The best parts of gaming are the jokes and trash talk with friends. Whether it was four-player Goldeneye or linking up PCs for Quake battles in the basement, the social element keeps video games exciting. Yet on mobile we’ve lost a lot of that, playing silently by ourselves even if we’re in a squad with friends somewhere else. Bunch wants to bring the laughter back to mobile gaming by letting you sync up with friends and video chat while you play. It already works with hits like Fortnite and Roblox, and developers of titles like Spaceteam are integrating Bunch’s SDK to inspire longer game sessions.
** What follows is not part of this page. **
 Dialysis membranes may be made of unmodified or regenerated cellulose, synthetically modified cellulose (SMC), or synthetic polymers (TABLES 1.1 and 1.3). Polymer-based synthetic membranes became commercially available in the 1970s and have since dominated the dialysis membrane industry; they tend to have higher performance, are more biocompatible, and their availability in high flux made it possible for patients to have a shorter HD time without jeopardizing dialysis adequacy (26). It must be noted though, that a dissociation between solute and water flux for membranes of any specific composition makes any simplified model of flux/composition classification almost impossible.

Bunch is like Discord for mobile, and the chance to challenge that gaming social network unicorn has attracted a $3.8 million seed round led by London Venture Partners and joined by Founders Fund, Betaworks, Shrug Capital, North Zone, Streamlined Ventures, 500 Startups and more. With Bunch already cracking the top 100 social iOS app chart, it’s planning a launch on Android. The cash will go to adding features like meeting new people to game with or sharing replays, plus ramping up user acquisition and developer partnerships.

“I and my co-founders grew up with LAN parties, playing games like Starcraft and Counter Strike — where a lot of the fun is the live banter you have with friends,” Bunch co-founder and CEO Selcuk Atli tells me. “We wanted to bring this kind of experience to mobile; where players could play with friends anytime, anywhere.” 

Bunch team

Atli was a venture partner at 500 Startups after co-founding and selling two adtech companies: Manifest Commerce to Rakuten, and Boostable to Metric Collective. But before he got into startups, he co-founded a gaming magazine called Aftercala in Turkey at age 12, editing writers twice his age because “on the internet, nobody knows you’re a dog,” he tells me. Atli teamed up with Google senior mobile developer Jason Liang and a senior developer from startups like MUSE and Mox named Jordan Howlett to create Bunch.
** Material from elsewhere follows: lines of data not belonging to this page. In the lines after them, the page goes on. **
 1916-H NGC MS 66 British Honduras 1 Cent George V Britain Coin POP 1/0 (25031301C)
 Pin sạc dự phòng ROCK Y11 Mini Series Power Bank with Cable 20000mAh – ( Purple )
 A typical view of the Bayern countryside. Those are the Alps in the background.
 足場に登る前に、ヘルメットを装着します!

Over a year ago, we built our first prototype. The moment we tried it ourselves, we saw it was nothing like what we’ve experienced on our phones before,” Atli tells me. The team raised a $500,000 pre-seed round and launched its app in March. “Popular mobile games are becoming live, and live games are coming to mobile devices,” says David Lau-Kee, general partner at London Venture Partners. “With this massive shift happening, players need better experiences to connect with friends and play together.”
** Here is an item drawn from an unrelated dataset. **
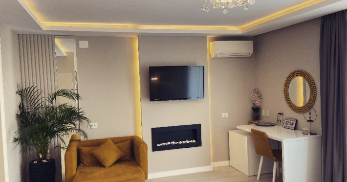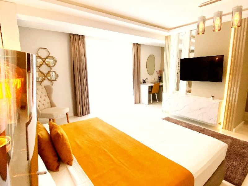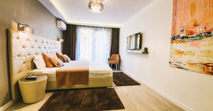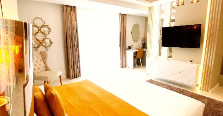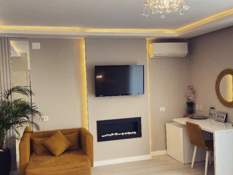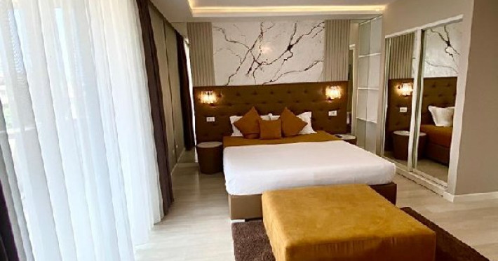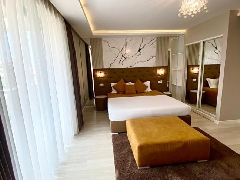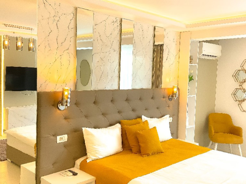 DESCRIERE CAMERE Dotari camere: TV 106 CM LED Smart si Netflix, minibar, uscator de par, pat de 180X200, exista si varianta de a adauga un pat suplimentar (extensibil), pret 30 Lei/ zi, aer conditionat, cosmetice baie.

When you log on to Bunch’s iOS app you’ll see which friends are online and what they’re playing, plus a selection of games you can fire up. Bunch overlays group voice or video chat on the screen so you can strategize or satirize with up to eight pals. And if developers build in Bunch’s SDK, they can do more advanced things with video chat, like pinning friends’ faces to their in-game characters. It’s a bit like OpenFeint or iOS Game Center mixed with Houseparty.

For now, Bunch isn’t monetizing, as it hopes to reach massive scale first, but Atli thinks they could sell expression tools like emotes, voice and video filters, and more. Growing large will require beating Discord at its own game. The social giant now has over 130 million users across PCs, consoles and mobile. But it’s also a bit too hardcore for some of today’s casual mobile gamers, requiring you to configure your own servers. “I find that execution speed will be most critical for our success or failure,” Atli says. Bunch’s sole focus on making mobile game chat as easy as possible could win it a mainstream audience seduced by Fortnite, HQ Trivia and other phenomena.

Research increasingly shows that online experiences can be isolating, and gaming is a big culprit. Hours spent playing alone can leave you feeling more exhausted than fulfilled. But through video chat, gaming can transcend the digital and become a new way to make memories with friends — no matter where they are.